NEW YORK CITY-It has been a busy first quarter for publicly-traded REIT American Realty Capital Trust. After listing on the NASDAQ Capital Markets in March and filing an $87 million initial public offering earlier in the year, the company’s reinvention has led to a boost in revenues, net operating income and funds from operations—and the upward momentum is expect to continue.
“Our first quarter was all about execution, as you can see from the concrete progress we have been able to achieve,” said William M. Kahane, CEO of ARCT, in a company filing. “Our focus, since listing the company on the NASDAQ and internalizing our management team, has been on reducing our cost of capital so as to improve our earnings. We believe, based on our current results, that we have accomplished this.”
ARCT, which focuses on net-leased pharmacies, banks, restaurants and convenience stores in high-traffic locations to high credit quality tenants, saw its annualized FFO hit $123.6 million, or $0.78 per share, excluding acquisition activities, which was previously forecasted to be approximately $100 million in the next 12 months. The company has also reaffirmed its previously provided 2012 FFO and AFFO guidance of $0.79 to $0.82 per share, Kahane says.
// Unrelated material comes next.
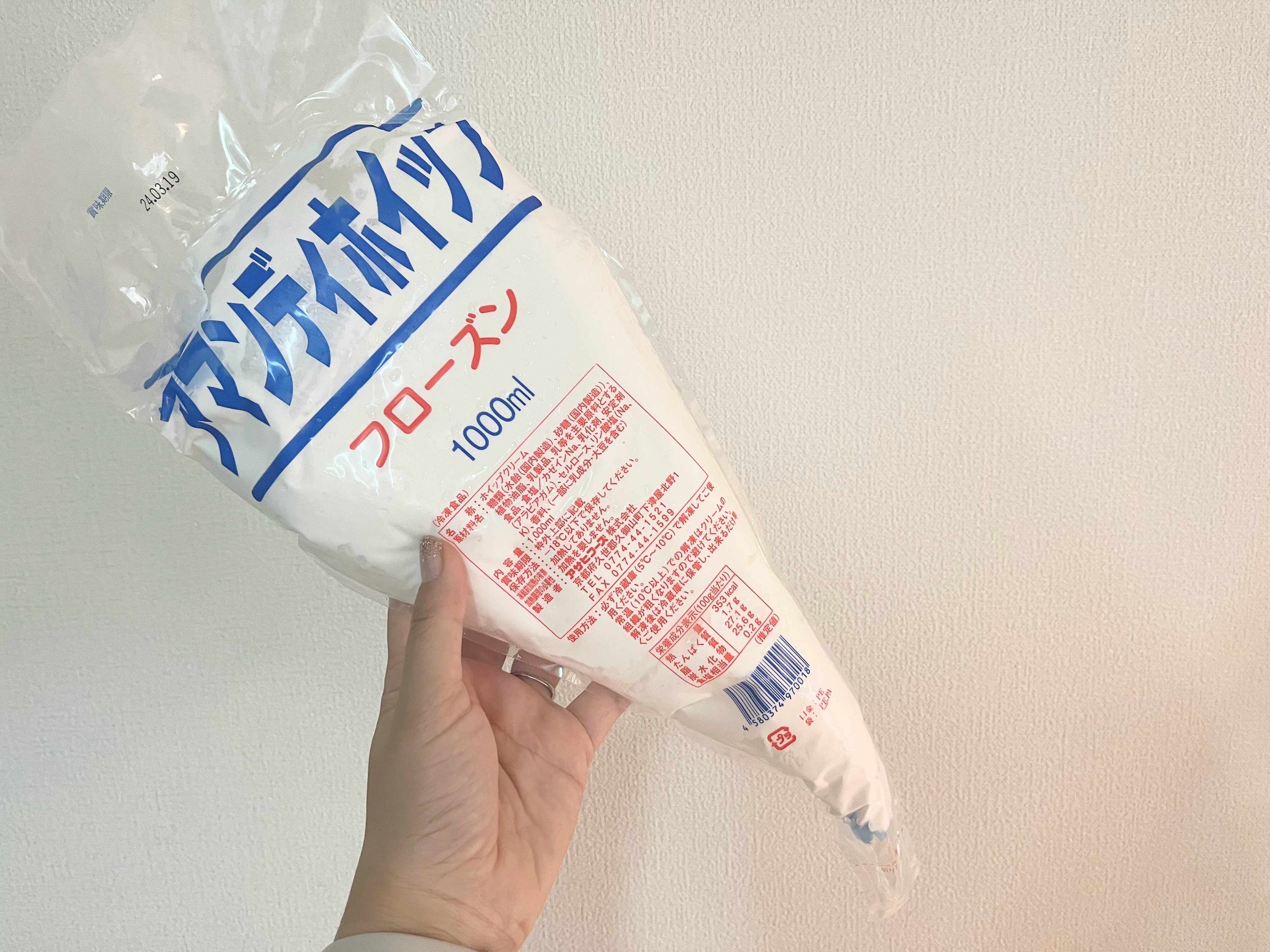 最後にご紹介するのは、ストックがなくなりそうになったらかごに入れているのがこちらのホイップクリーム。たっぷり1000ml入っている超コスパの良い、業務スーパーで大人気の商品です。一度に食べきれないので食べる量だけ解凍して楽しんでいます。

The company reported revenues of $45.6 million, an increase of 118% from $20.9 million in Q1 2011. ARCT’s net operating income also saw an improvement, going from $20.6 million last year to $42.9 million in 2012, a jump of 108%.
As a result, ARCT has increased its investment grade portfolio percentage and an improved company credit rating. Moody’s upgraded the company to a Ba2 credit rating with a stable outlook from Ba3 after reducing its leverage levels. It completed the tender offer of 20.95 million shares of common stock on April 4, reducing total shares outstanding to approximately 158 million. The company also pre-paid $161.2 million of secured mortgage debt on April 17, resulting in a net annual reduction in interest expenses of $4.3 million.
At the end of Q1, ARCT owns 485 freestanding, single-tenant, net-leased properties, totaling 15.6 million square feet, compared to 318 properties at the same time last year. And more acquisitions are expected.
“Over the next several quarters we plan to focus on continuing to grow the company by harvesting our acquisition pipeline opportunities and further improving our balance sheet metrics to lift our credit ratings,” Kahane says.